If you compromise on Scripture concerning sexuality, Biblical truths unravel everywhere, all the way down to the saving gospel itself.  Here you will find a very brief examination of why counter-biblical social and sexual agendas are incompatible (and often destructive) to an authentic Christianity that is faithful to Scripture.

The God of the Bible is Masculine

His masculinity is basic to who He is and how He relates to Himself as Father, Son, and Holy Spirit. The Apostles’ Creed, the most ancient and foundational of all creeds, common to all Christians of every branch of the Church, begins this way: “I believe in God the Father Almighty, maker of heaven and earth; And in Jesus Christ His only Son our Lord.” This is not anthropomorphic language or the bias of a by-gone patriarchy. This is the summary of God’s biblical revelation of Himself – of the masculinity which is foundational to His nature and His relationship to creation and His creatures. (Read more about the masculinity of God here).

The Creator and the Creation are Distinct

Christians are not pantheists. God is not beyond gender, nor is He some hermaphroditic or androgynous amalgam of the created sexes. The fundamental distinction between the Creator and the creature lies at the heart of the distinction between male and female, masculinity and femininity. The legitimate union of the masculine and the feminine in God’s design is marriage, not androgyny.  History begins with a marriage (Adam and Eve) and it moves toward the ultimate marriage (Christ and the Church). This is no accident, but God’s express design for fellowship with His Creation (Hosea 2:14-20, Isaiah 62:1-5); it is also His way of imprinting His grandest plan for history into the individual life experience of every human being. When someone ignores or discounts God’s design for men and women in marriage, family, and Church, they unravel the ultimate goal of the gospel: God’s dwelling with His people in marital union.  They also convolute God’s revelation that comes from our experience of family – a universal institution designed for our personal instruction.

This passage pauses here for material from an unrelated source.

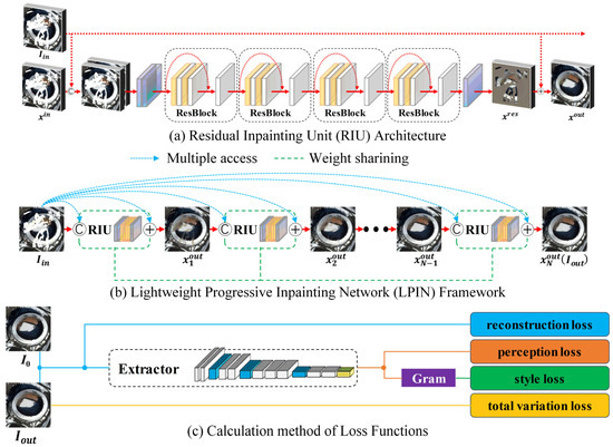 Overall inpainting architecture of proposed approach. (a) is the basic residual inpainting unit (RIU) combined of four residual blocks and can generate a preliminary result. (b) is the framework of our LPIN consisted with several RIUs. (c) is the calculating process of the loss functions. is the real image without defects, is the corresponding image with defects, is the input of RIU, is a residual output, is the output of the i-th RIU and is the output of the last RIU, i.e., the final inpainting result .

“Therefore a man shall leave his father and mother and hold fast to his wife, and the two shall become one flesh.”  This mystery is profound, and I am saying that it refers to Christ and the church. Ephesians 5:31-32

God Became A Male

The divine Son becomes the human Son of Mary. The divine masculinity joins human masculinity in Jesus Christ. Those who discount or diminish the significance of the Son’s human maleness unravel the purpose, meaning, and eternal incarnation of the Son of God – that is, Jesus’s incarnation establishes a new head of the human race – a headship that saves. Salvation operates by headship. “In Adam all die, even so in Christ, shall all be made alive” (1 Cor. 15:22). The entire plan of salvation is based on the authentic and actual headship of the two male progenitors of the human race. When someone dismisses Jesus’s identity as a male human and rejects male headship, they reject a fundamental plank of the gospel itself.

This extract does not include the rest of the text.